Department of Molecular Biophysics & Biochemistry , Yale University , New Haven , Connecticut 06511 , United States.
Chemical Biology Institute , Yale University , West Haven , Connecticut 06516 , United States.
J Am Chem Soc. 2018 Nov 7;140(44):14567-14570. doi: 10.1021/jacs.8b08554. Epub 2018 Oct 24.
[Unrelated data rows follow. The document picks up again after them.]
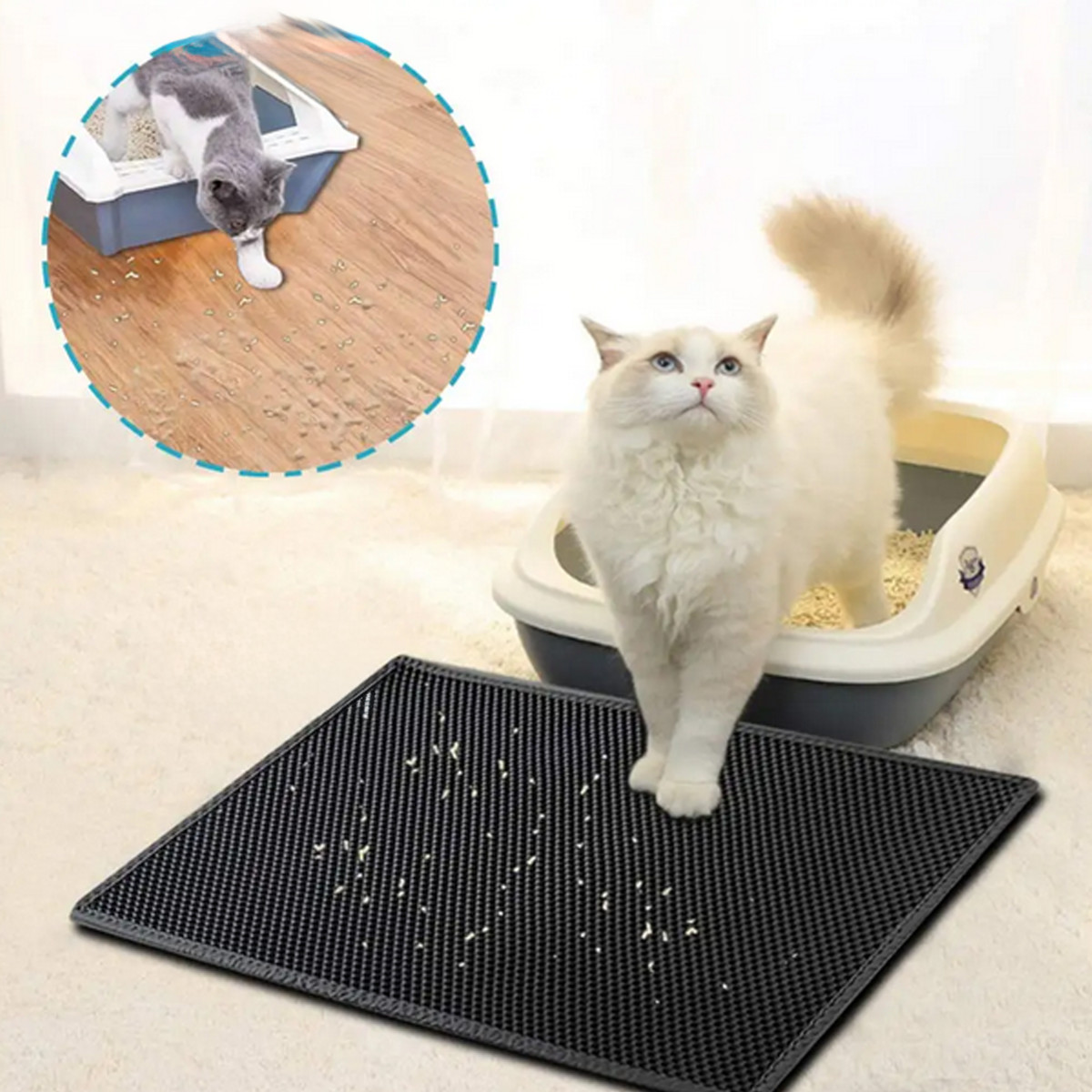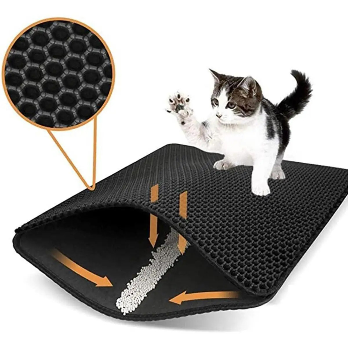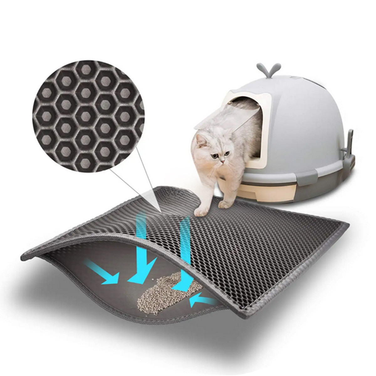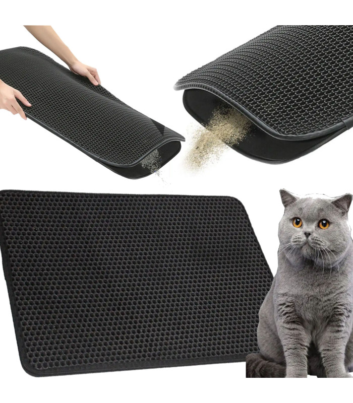 Divslāņu higiēniskais paklājiņš efektīvi uztur smiltis, kas paliek uz kaķa ķepām pēc tualetes apmeklējuma. Smilšu daļiņas un citas nešķīstības iekrīt atverēs un nonāk iekšējā slānī. Vienkārši novietojiet to blakus tualetei, lai kaķis neizplatītu netīro smilti pa visu telpu.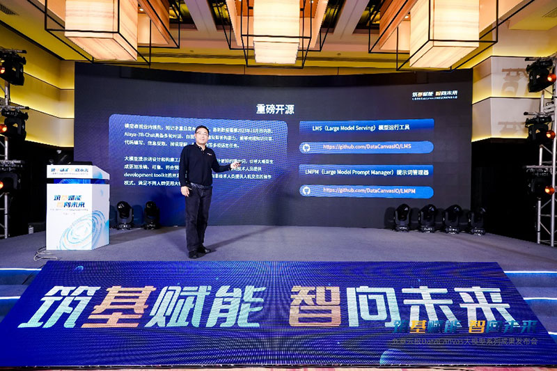 发布会上,九章云极DataCanvas公司自主研发的DataCanvas Alaya 九章元识大模型矩阵正式开源一系列新成果,其中包括「Alaya-7B大模型系列」中的Alaya-7B Foundation Model通识大模型和Alaya-7B Chat Model对话大模型两大模型,以及「LLMOps大模型工具链」中的LMS模型运行工具和LMPM 提示词管理器两大工具。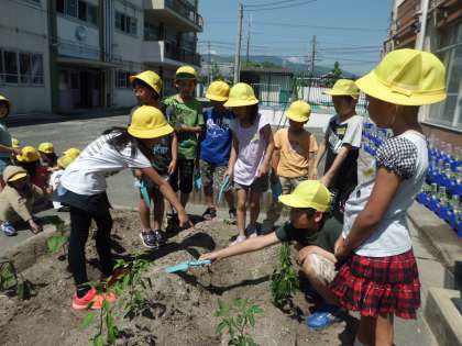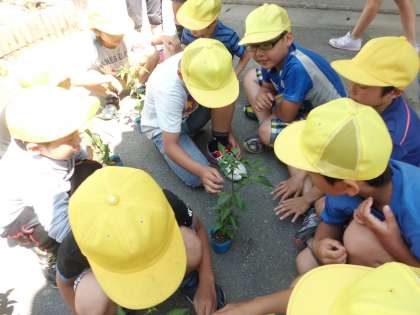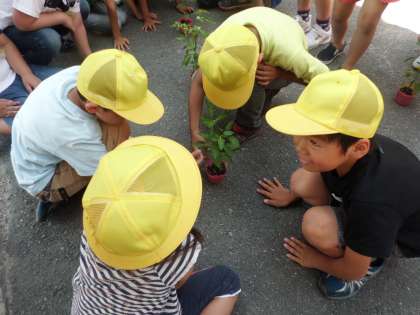 今日は,万願寺とうがらし,伏見とうがらし,賀茂なすの苗を観察して,花壇に植えました。これから毎日水をやって,育てます。早く食べたいですね。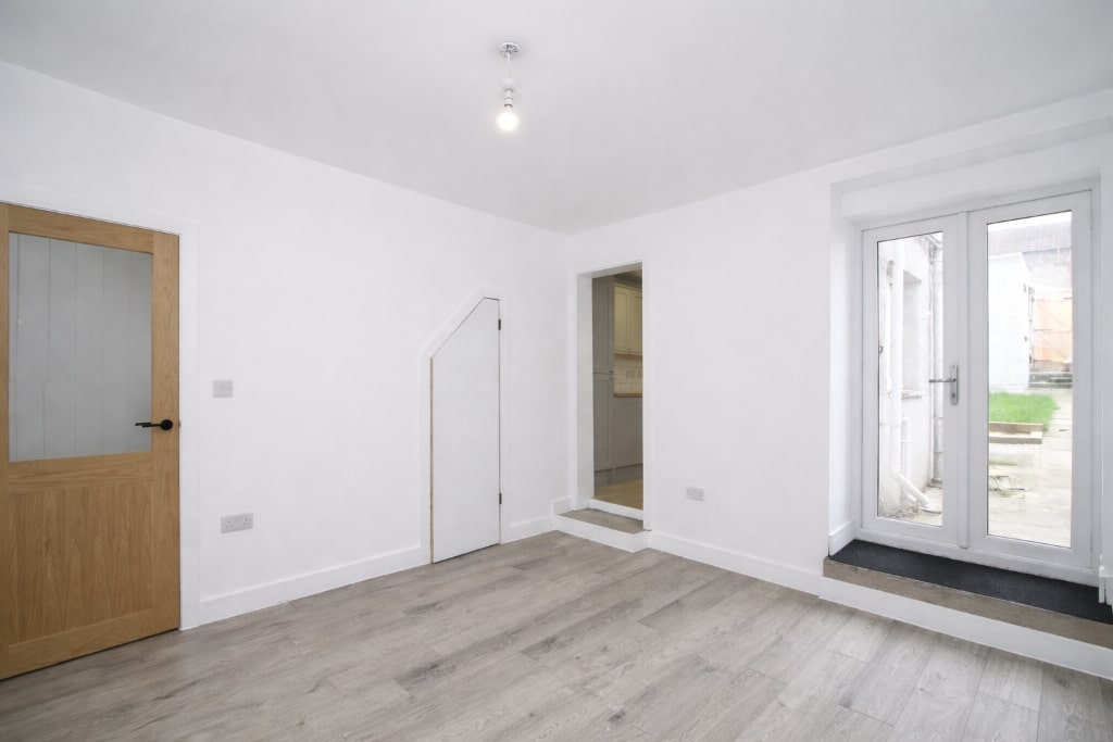 UPVC double glazed doors to rear garden, plastered walls and ceiling, laminate flooring, radiator, door to under stairs storage, opening to kitchen.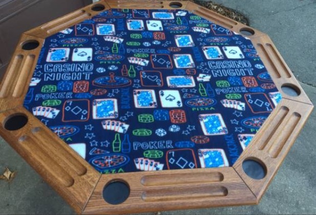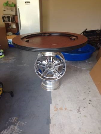 Excellent custom made Poker table for a car guy. The base is made from wheels and the top was CNC Machine cut. Cork inserts for the cup holders. My apologies for the pics, I thought that I'd taken better photos earlier. If you need more please let me know. Let me know if any questions. Call text or email is fine. Thanks.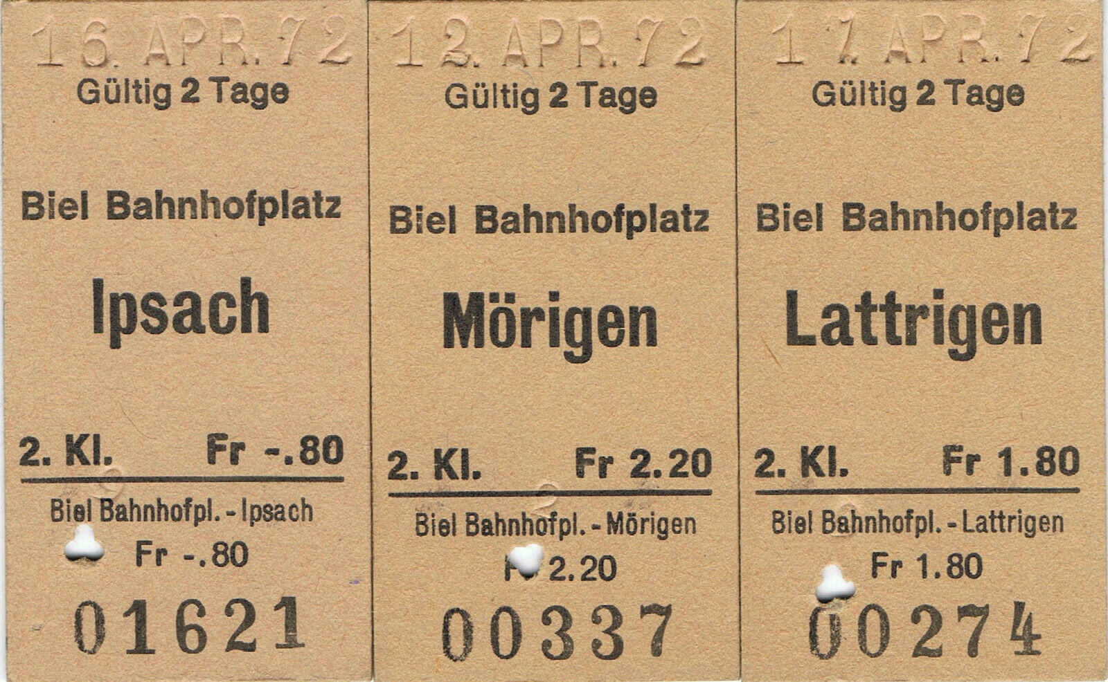 Title (ebay affiliate link): Railway tickets Switzerland Biel-Bahnhofplatz various well used singles 1972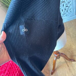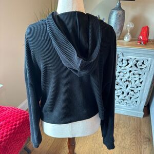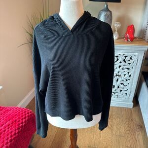 Alo Yoga Black Ribbed Knit Crop Hoodie Size Large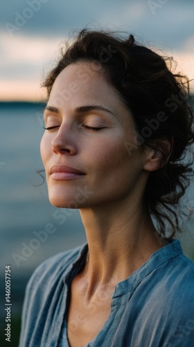 Serene woman with eyes closed in nature light Peaceful and mindful portrait with calm facial expression Tranquil scene by water
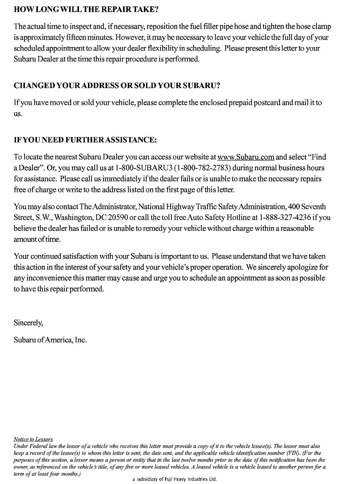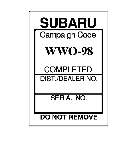 Any Authorized Subaru Dealer failing to perform the applicable service procedures defined in this bulletin to correct all affected vehicles in their inventory (new, used, demo) prior to the vehicle being placed in service may be subject to civil penalties of up to $5,000 per violation (i.e., for each vehicle), as provided in 49 USC sub-section 30165(a) of the Safety Act, and will also be in breach of the Subaru Dealer Agreement.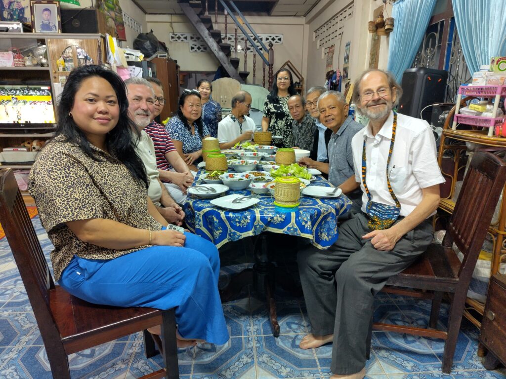 Lundi soir (24.2), nous apprenons la visite à Savannakhet d’une famille laotienne de France que je connais bien. Dara et Phetsamone sont un couple de Laotiens de Savannakhet partis comme réfugiés après 1975. Accompagnés d’une de leur fille et son mari, ils reviennent pour la première fois au pays. Nous nous retrouvons pour un repas en commun chez Phouvong, un des responsables de l’Église d’ici. Dara et Phouvong étaient dans le groupe de jeunes de l’Église de Savannakhet alors que je fais mes premiers pas au Laos… et ils évoquent quelques souvenirs musicaux de l’époque.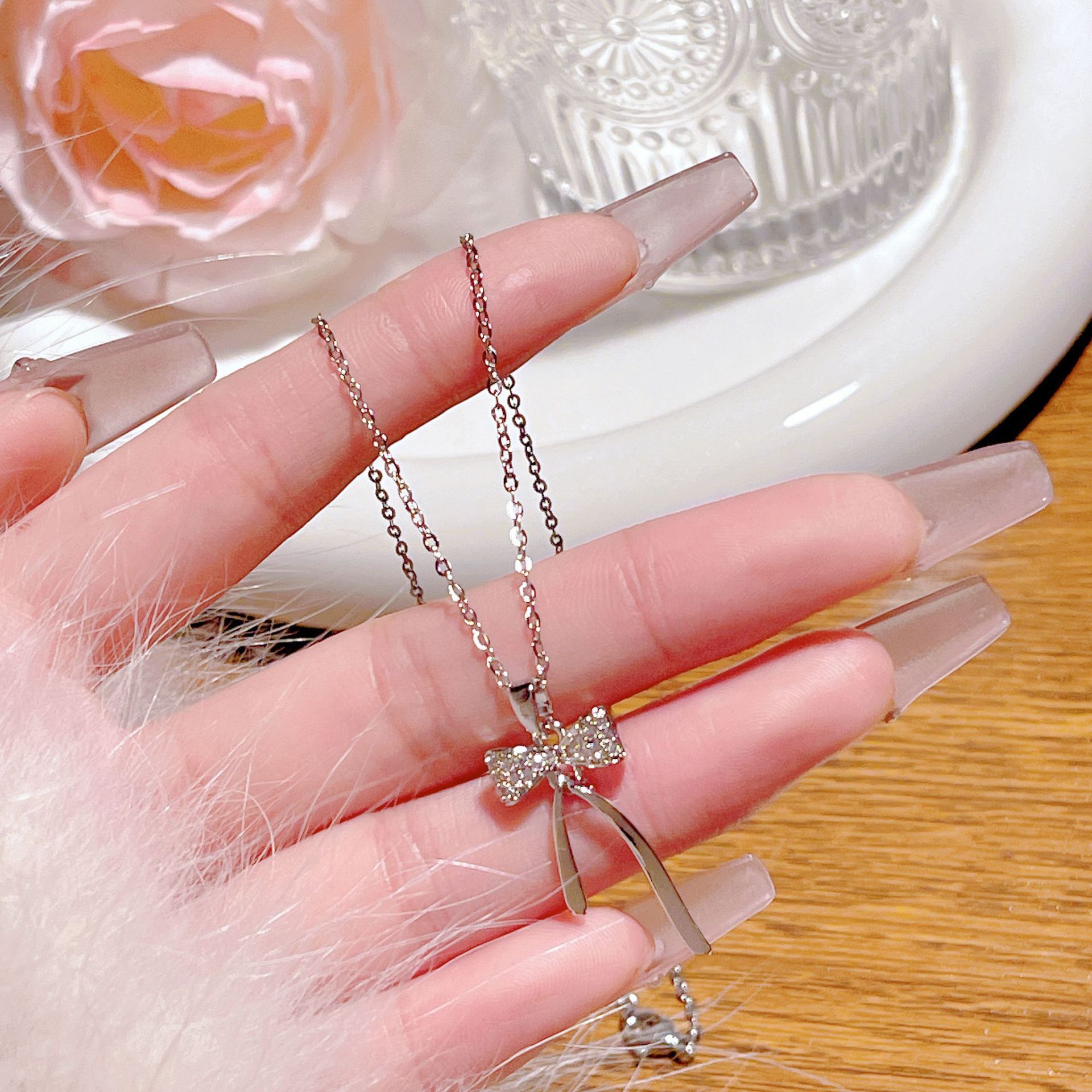 yxl9223 bow necklace steel color

RNA-sequencing (RNA-seq) measures RNA abundance in a biological sample but does not provide temporal information about the sequenced RNAs. Metabolic labeling can be used to distinguish newly made RNAs from pre-existing RNAs. Mutations induced from chemical recoding of the hydrogen bonding pattern of the metabolic label can reveal which RNAs are new in the context of a sequencing experiment. These nucleotide recoding strategies have been developed for a single uridine analogue, 4-thiouridine (sU), limiting the scope of these experiments. Here we report the first use of nucleoside recoding with a guanosine analogue, 6-thioguanosine (sG). Using TimeLapse sequencing (TimeLapse-seq), sG can be recoded under RNA-friendly oxidative nucleophilic-aromatic substitution conditions to produce adenine analogues (substituted 2-aminoadenosines). We demonstrate the first use of sG recoding experiments to reveal transcriptome-wide RNA population dynamics.
RNA 测序(RNA-seq)可测量生物样本中 RNA 的丰度,但无法提供有关测序 RNA 的时间信息。代谢标记可用于区分新合成的 RNA 和预先存在的 RNA。通过对代谢标记的氢键模式进行化学重编码诱导的突变,可以揭示在测序实验背景下哪些 RNA 是新的。这些核苷酸重编码策略已针对单个尿嘧啶类似物 4-硫代尿嘧啶(sU)进行了开发,从而限制了这些实验的范围。在这里,我们报告了首次使用鸟苷类似物 6-硫代鸟嘌呤(sG)进行核苷重编码。使用时程序列(TimeLapse-seq),sG 可以在 RNA 友好的氧化亲核-芳香取代条件下被重编码为腺嘌呤类似物(取代的 2-氨基腺嘌呤)。我们展示了首次使用 sG 重编码实验来揭示转录组范围的 RNA 群体动态。